Specifically, the dissertation contributes the following: 1. A conceptual framework of breaking down workloads for large-scale data-centric systems into data access patterns, computation patterns, and load arrival patterns. 2. A workload analysis and synthesis method that uses multi-dimensional, non-parametric statistics to extract insights and produce representative behavior. 3. Case studies of workload analysis for industrial deployments of MapReduce and enterprise network storage systems, two examples of large-scale data-centric systems. 4. Case studies of workload-driven design and evaluation of an energy-efficient MapReduce system and Internet datacenter network transport protocol pathologies, two research topics that require workload-specific insights to address.
Overall, the dissertation develops a more objective and systematic understanding of an emerging and important class of computer systems. The work in this dissertation helps further accelerate the adoption of large-scale data-centric systems to solve real life problems relevant to business, science, and day-to-day consumers.
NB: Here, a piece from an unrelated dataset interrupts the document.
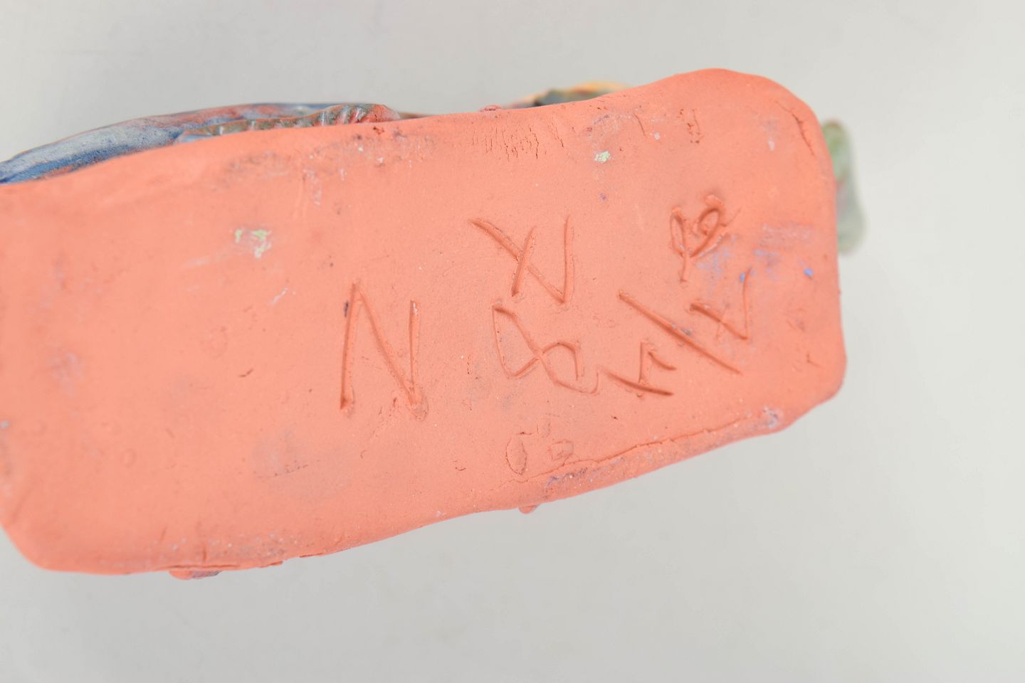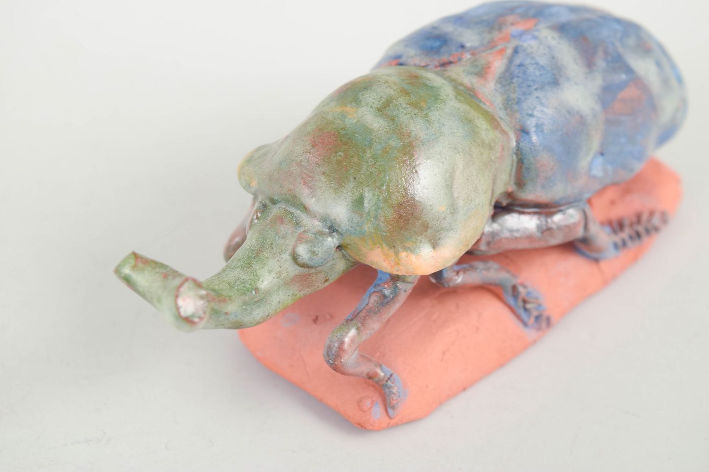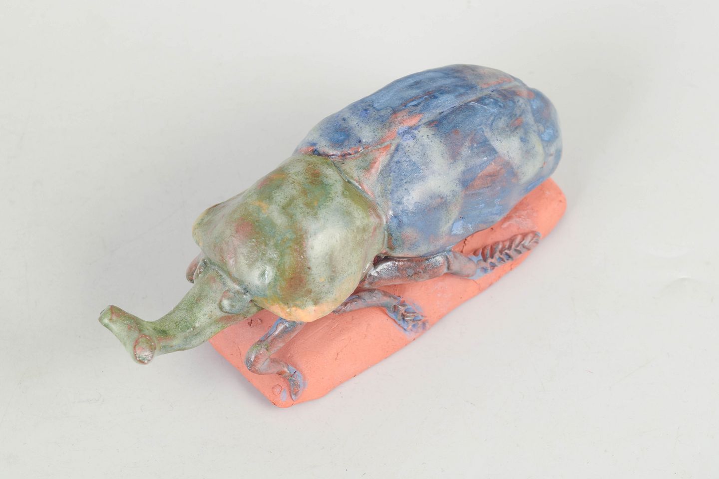Unique ceramic sculpture depicting an insect executed in stoneware with multicoloured glaze in green, blue and brown tonal nuances. The figure is modelled with naturalistic detailing and placed on a small clay base, giving the piece a sculptural and lively character. Signed and dated 1978.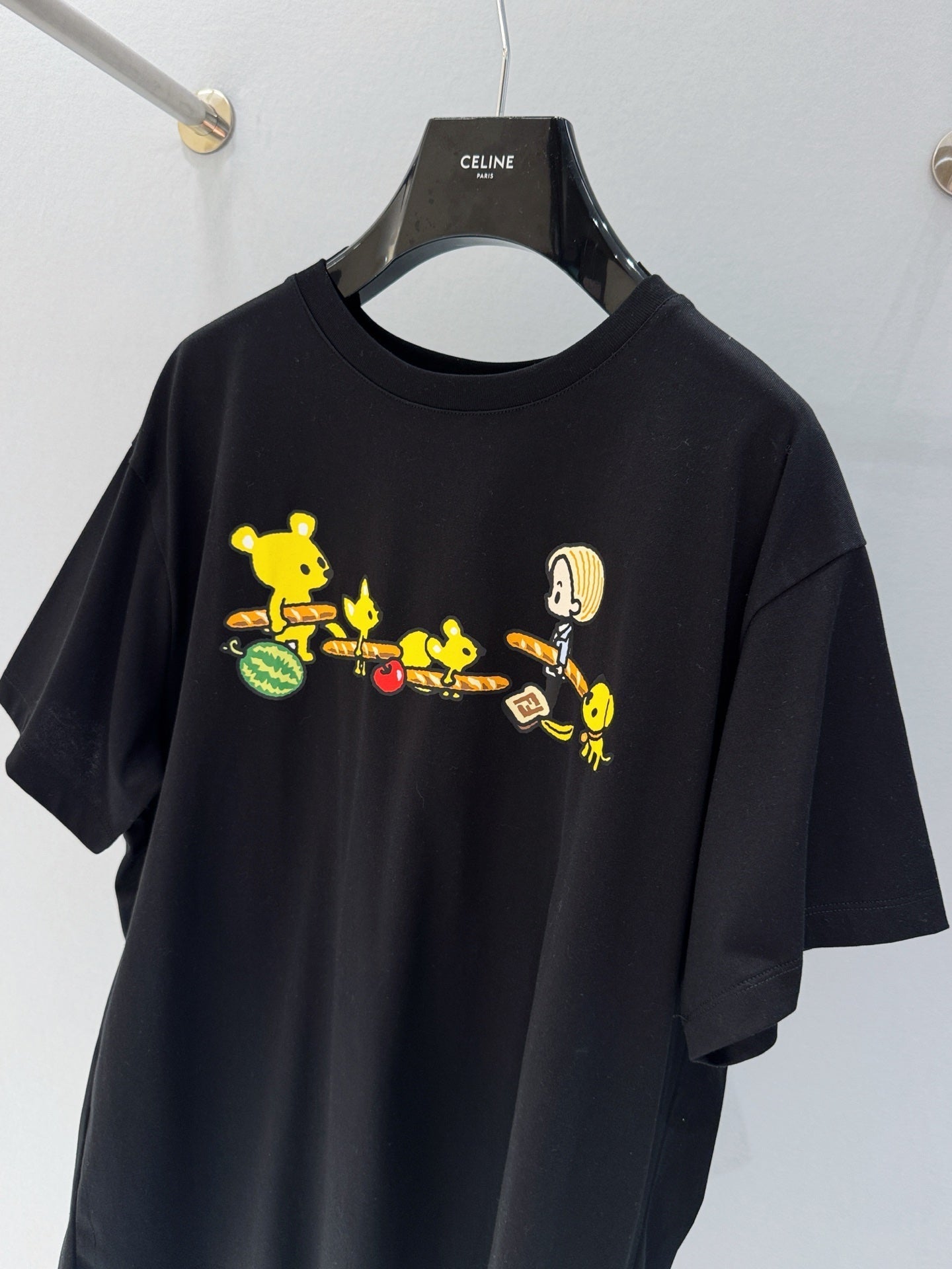 Fendi 25 Baguette Print Round Neck Short Sleeves Black Cotton

|Advisor:||Katz, Randy H.|
|Commitee:||Larson, Ray R., Paxson, Vern|
|School:||University of California, Berkeley|
|Department:||Electrical Engineering & Computer Sciences|
|School Location:||United States -- California|
|Source:||DAI-B 74/02(E), Dissertation Abstracts International|
|Keywords:||Datacenters, Design, Evaluation, Large-scale data, Mapreduce, Storage, Workload|
Copyright in each Dissertation and Thesis is retained by the author. All Rights Reserved
The supplemental file or files you are about to download were provided to ProQuest by the author as part of a
dissertation or thesis. The supplemental files are provided "AS IS" without warranty. ProQuest is not responsible for the
content, format or impact on the supplemental file(s) on our system. in some cases, the file type may be unknown or
may be a .exe file. We recommend caution as you open such files.
Copyright of the original materials contained in the supplemental file is retained by the author and your access to the
supplemental files is subject to the ProQuest Terms and Conditions of use.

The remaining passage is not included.